5.66: Not Me

God, I feel like shit right now. Absolute, complete shit.

I know I did the right thing. I had to do it. But I fucking hated it.

I knew I had to do it in person, so invited Abigail over this afternoon. I didn’t really say much, just that I needed to talk to her. And when she got here, she looked so beautiful and was giving me that smile I love so much. And it killed me. It seriously did.

When she started apologizing for the other day, that was when I knew I had to bite the bullet and do it. I couldn’t put it off any longer. So I stopped her, and told her the truth…

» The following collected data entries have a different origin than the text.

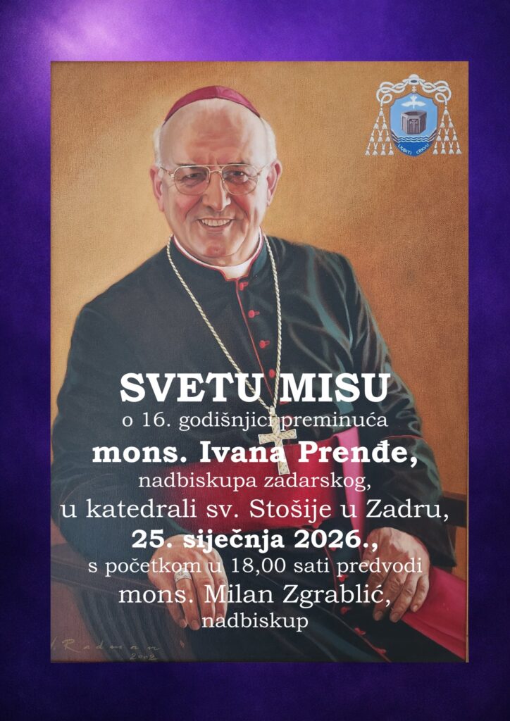 Na 16. obljetnicu smrti zadarskog nadbiskupa Ivana Prenđe, misu u katedrali sv. Stošije u Zadru u nedjelju 25. siječnja s početkom u 18 sati predvodi zadarski nadbiskup Milan Zgrablić.
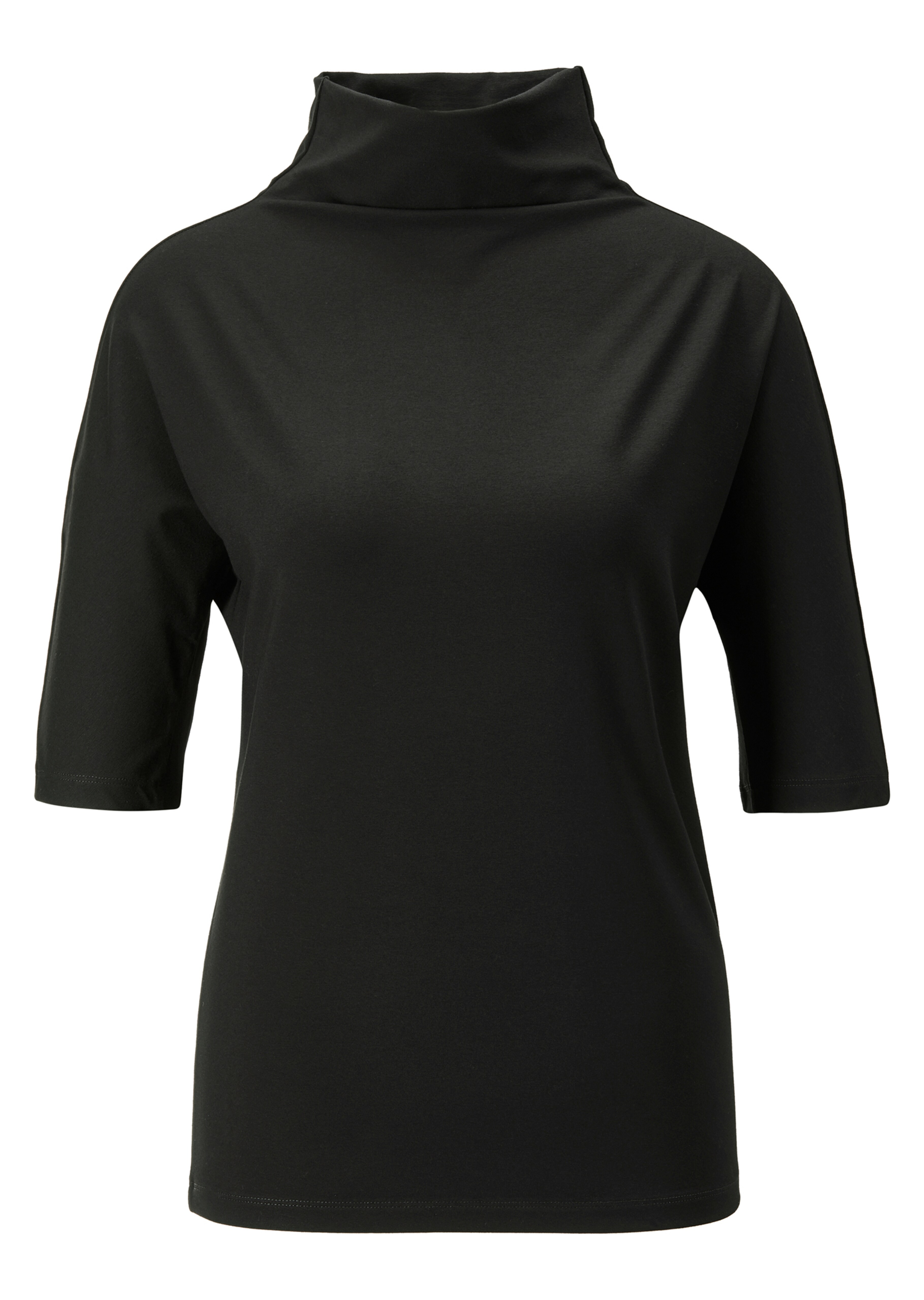 Seine Qualität macht es zum Favoriten edel-lässiger Casual-Stylings. Das Shirt mit Stehkragen bietet sich sowohl als Solist als auch als Darunter an. Sein weicher Viskosestretch lässt nichts abzeichnen. Er ist kofferfreundlich und damit perfekt auch für die Reise und den Urlaub. Die leicht kastige Form ist mit kleinem Strehkragen, kurzen Ärmeln und geradem Saum gestaltet, so können Sie das Basic-Shirt auch gut außerhalb des Bundes tragen. Kombinieren Sie es im Kontrast – sehr schön auch zu schwarzen Partnern für einen stilbetonten Lässiglook der Saison.
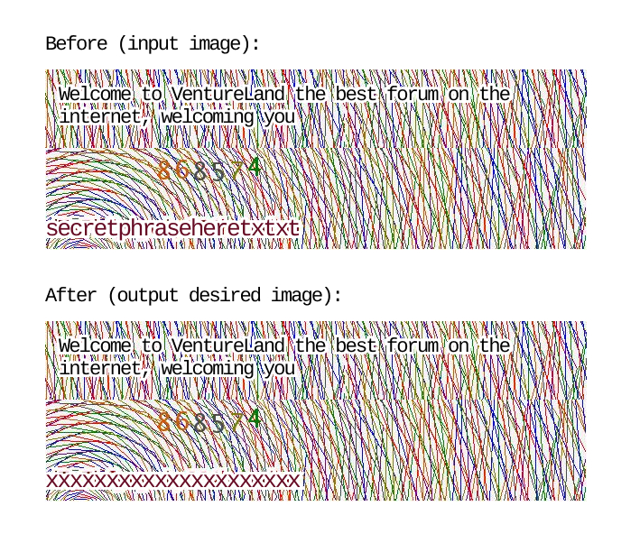 Need a Node.js script written that accepts an image, detects a textual phrase within that image, and replace it with other text (to be more percise, print text over it).
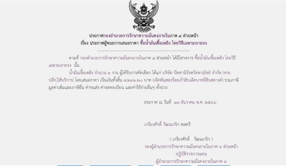 จัดซื้อ จัดจ้างประกาศผู้ชนะการเสนอราคา ประกาศผู้ชนะการเสนอราคา ซื้อน้ำมันเชื้อเพลิง โดยวิธีเฉพาะเจาะจง December 22, 2023 400 Share Facebook Twitter Google+ Telegram LINE
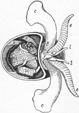 c, Muscular bundles forming the root of the foot, and adherent to the shell. e, Free mantle-skirt. em, Tentaculiferous margin of the same. i, Smaller (left) nephridium. k, Larger (right) nephridium. l, Pericardium. lx, Fibrous septum, behind the pericardium. n, Liver. int, Intestine. ecr, Anterior area of the mantle-skirt over-hanging the head (cephalic hood). |
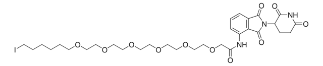 Protein degrader builiding block Pomalidomide-PEG6-butyl iodide enables the synthesis of molecules for targeted protein degradation and PROTAC (proteolysis-targeting chimeras) technology. This conjugate contains a Cereblon (CRBN)-recruiting ligand, a linker with both hydrophobic and hydrophilic moieties, and a pendant iodoalkane for reactivity with a nucleophilic group on a target ligand. Because even slight alterations in ligands and crosslinkers can affect ternary complex formation between the target, E3 ligase, and PROTAC, many analogs are prepared to screen for optimal target degradation. When used with other protein degrader building blocks with a pendant iodo group, parallel synthesis can be used to more quickly generate PROTAC libraries that feature variation in crosslinker length, composition, and E3 ligase ligand.
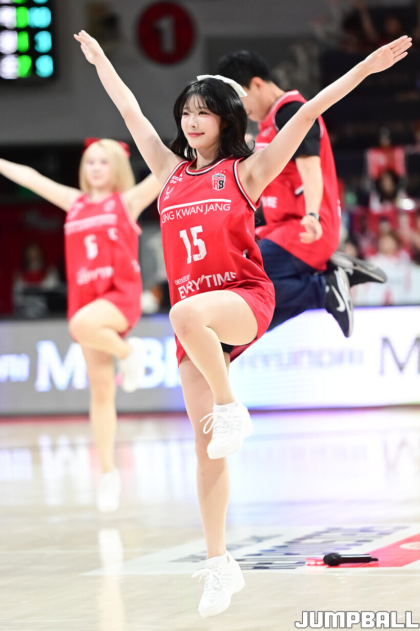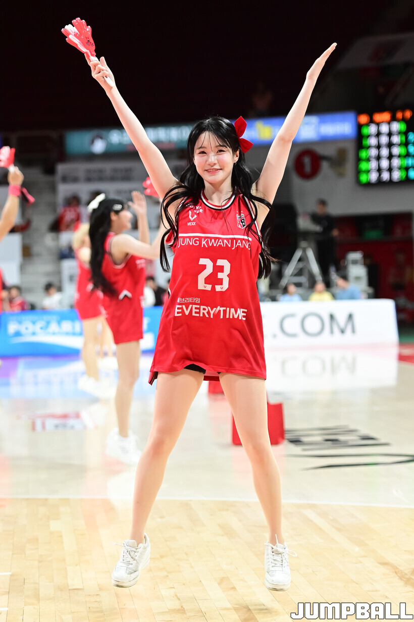 [점프볼=안양/박상혁 기자] 8일 안양 정관장 아레나에서 열린 2025-2026 LG전자 프로농구 안양 정관장과 서울 SK의 경기, 정관장 치어리더가 승리를 위해 열띤 응원을 선보였다.
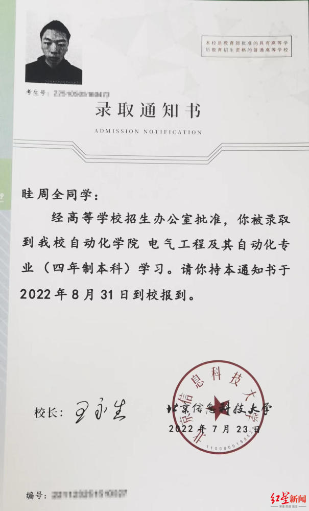 面对爱心人士及组织的帮扶资助,眭周全更加努力地学习,今年高考取得582分的成绩,成功被北京信息科技大学录取。8月1日,他已收到大学录取通知书。

We can’t be together anymore.

I didn’t make it very far into my speech before I started crying. The look on her face broke my heart. I almost couldn’t stand it. I haven’t been the one to dump anybody in years. Not since Amy, way back before Hope and I were even together. But Amy was a controlling psycho-bitch who walked all over me and made me feel like shit. Breaking up with her was EASY.

But breaking up with Abigail… God, that was anything but easy. I know she has the same kind of problems I used to… But that doesn’t make her a bad person. She’s not. She’s smart and funny and beautiful…

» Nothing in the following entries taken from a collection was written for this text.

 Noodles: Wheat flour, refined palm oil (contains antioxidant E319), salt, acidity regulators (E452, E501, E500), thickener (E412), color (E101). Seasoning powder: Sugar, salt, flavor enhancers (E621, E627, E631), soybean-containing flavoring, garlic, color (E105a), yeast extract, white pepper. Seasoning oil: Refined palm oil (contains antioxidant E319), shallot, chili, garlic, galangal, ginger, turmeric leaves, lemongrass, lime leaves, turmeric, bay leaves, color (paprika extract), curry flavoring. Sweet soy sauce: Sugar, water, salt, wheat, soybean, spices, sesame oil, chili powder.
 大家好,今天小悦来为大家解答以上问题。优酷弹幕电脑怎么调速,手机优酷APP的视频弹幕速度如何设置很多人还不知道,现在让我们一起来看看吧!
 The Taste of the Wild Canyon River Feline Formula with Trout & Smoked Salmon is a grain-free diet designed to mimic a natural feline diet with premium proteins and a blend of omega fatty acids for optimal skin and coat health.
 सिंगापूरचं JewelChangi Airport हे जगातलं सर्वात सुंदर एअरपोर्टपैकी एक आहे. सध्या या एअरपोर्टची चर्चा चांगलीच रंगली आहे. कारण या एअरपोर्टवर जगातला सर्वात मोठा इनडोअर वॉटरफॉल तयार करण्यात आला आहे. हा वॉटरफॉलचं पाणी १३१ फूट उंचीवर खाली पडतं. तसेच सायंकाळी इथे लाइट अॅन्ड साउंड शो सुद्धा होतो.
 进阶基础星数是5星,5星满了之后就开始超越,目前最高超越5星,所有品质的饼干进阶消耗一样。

But she’s not the one for me… And I’m not the one for her either.

I deserve someone who can be understanding and supportive of my career. Someone who won’t be so jealous of me all the time.

And she deserves someone who can put her first. Someone who can give her 100%. And that someone isn’t me.

I really wish I could say Abigail took it well… But she didn’t.

The first thing she did was say I’m just breaking up with her so I can be with Hope now. But that’s not true. It really isn’t. I mean, I was honest with her… I still have feelings for Hope. And it’s made things even more complicated between me and Abigail. It played a big part in why I felt like I had to end things.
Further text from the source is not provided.